The loss on Astralon, or Crash, was ignominious.

It’s been six months since Stinkeye’s First Landing Mall Massacre kicked this whole mess off. “Astralon” was what the new upstart micro-empire paying us for our services wanted to tag their world, after they rebranded themselves and threw off the yoke of the Monarchs, ditching the name “Crash” that had been marked on the stellar maps for more than eight hundred years. The company took a brutal beating there, on Astralon, or Crash, as did all the other private military contractors fighting that loser of a war. But of course, that’s what we get paid to do. Fight for the losers when no one else wants to. On the last day, or so we thought it might be but it wasn’t, when the pols were hammering out some kind of cease-fire that was really just a surrender, and while we, all the merc companies, were being thrown under the bus in hopes of avoiding payment of services, we were fighting to hold the evac LZ at Syro so we could get all the NGOs and Astralonian Resistance units off-world to wherever it was they thought they could run to and hide from the Monarchs.

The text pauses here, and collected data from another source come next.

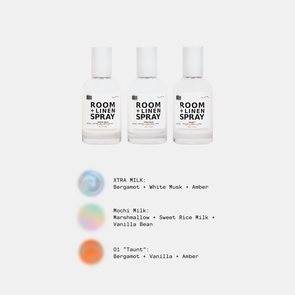 A trio of mini personal fragrances for your personal spaces in 3 of our best-selling scents: XTRA MILK, MOCHI MILK and TAUNT. Made for clothing, sheets, or anywhere that needs freshening.
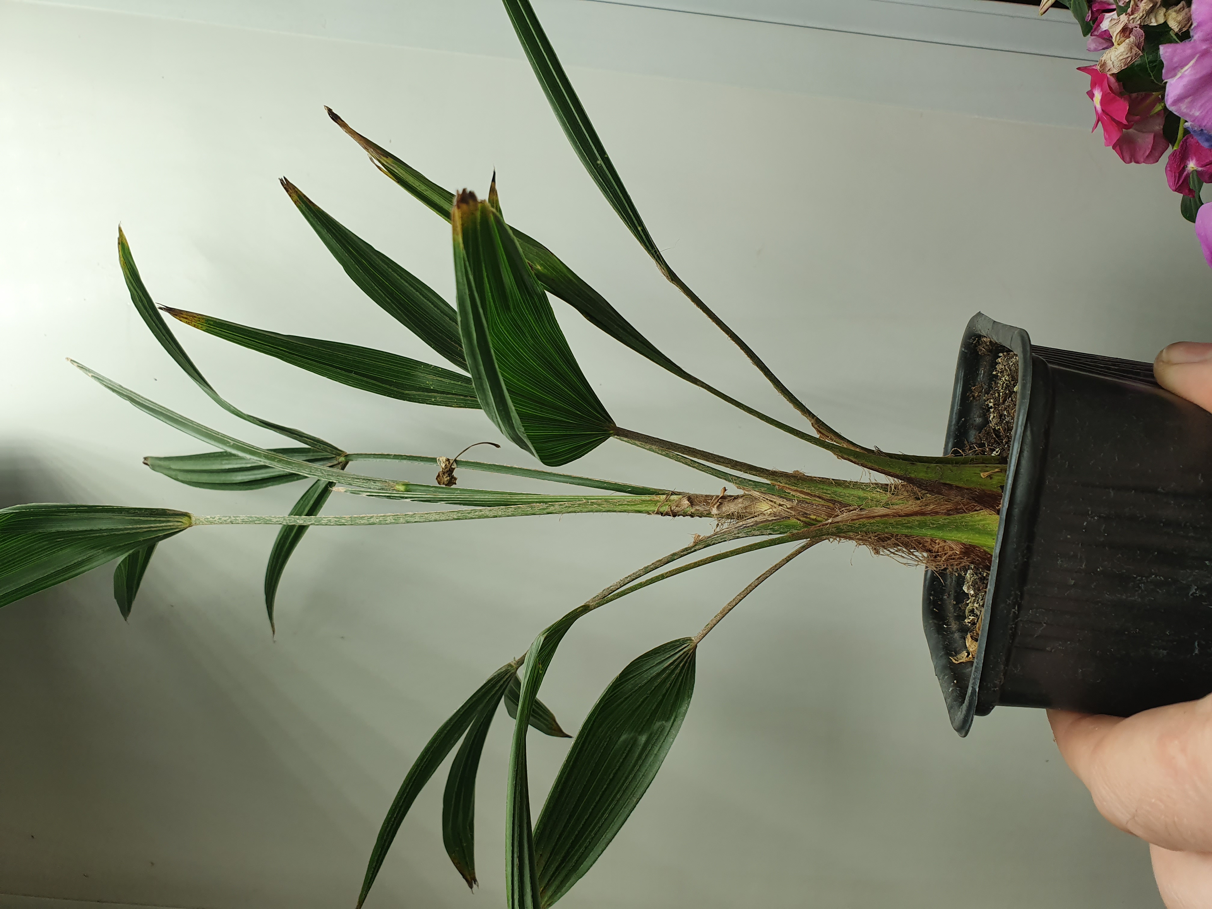 Его только на днях посадили, лишние корни , чтобы вошел в горшок, отрубили, обычная практика.На площадке также есть предупреждения , переносить только за емкость.
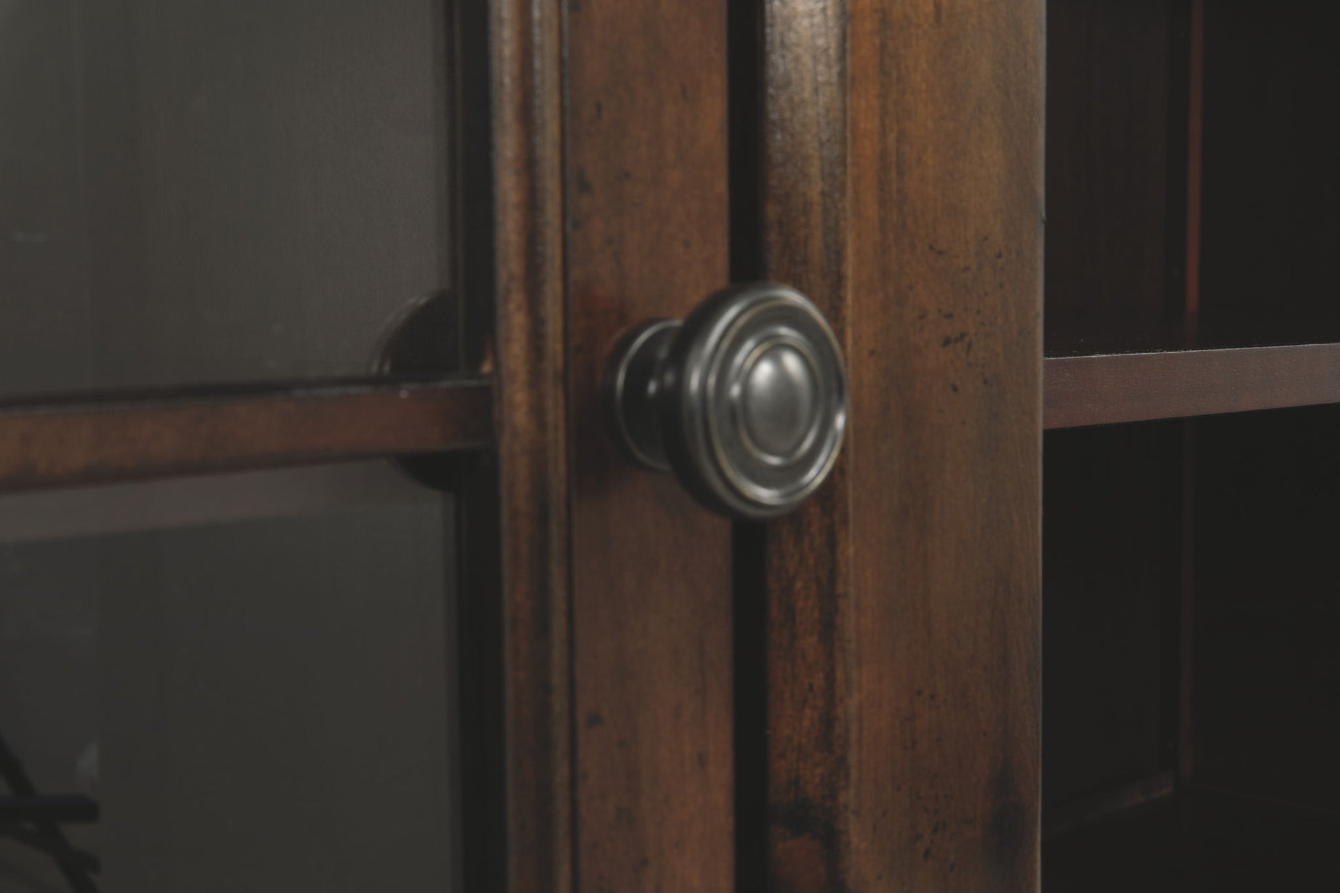 - 2 cabinets with tempered glass doors and 1 adjustable shelf, each
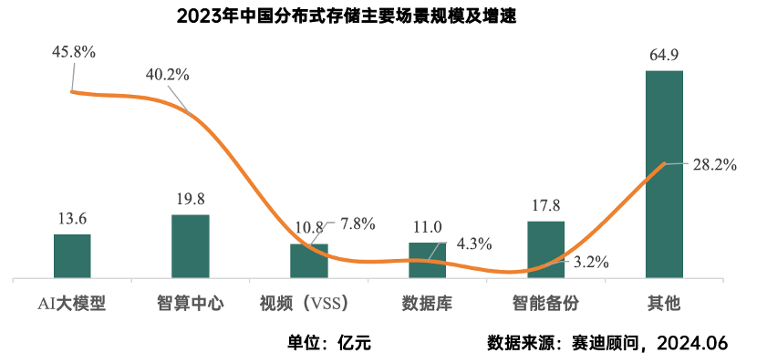中国分布式存储市场规模呈现整体高速、部分传统领域低速并行的新特点。2023年,中国分布式存储市场规模达到137.9亿元,增速高于整体市场,保持高速增长态势。从细分市场看,文件存储、全闪存、金融、科教等产品及各行业规模均较快增长,但在数据库等传统场景中,由于IT基础设施的架构相对固定,扩容成本较高,分布式存储的优势不够明显,增速偏低。

It had been implied that we, the merc companies, were somehow going to get a ride off-world too. Implied being the active word. File that under Hopes and Dreams and, trust me on this one, have I got a deal for you.

But sometimes all you got is hope and so you keep playing your part as though there’s actually a good outcome besides the one you know you’re gonna have to pay for. Dreams are what you tell yourself you once had before you became a private military contractor. A mercenary.

I knew we were getting close to something when the First Sergeant came into the burned-out building Reaper was holding, with a new recruit for the company. Some local kid, I thought. Just like every local kid who ever ended up being a part of Strange Company. New. Frightened. And just trying to look hard because somehow he thought he was a pro now that he’d signed up to merc with an off-world company. Just like we all once looked. Even me.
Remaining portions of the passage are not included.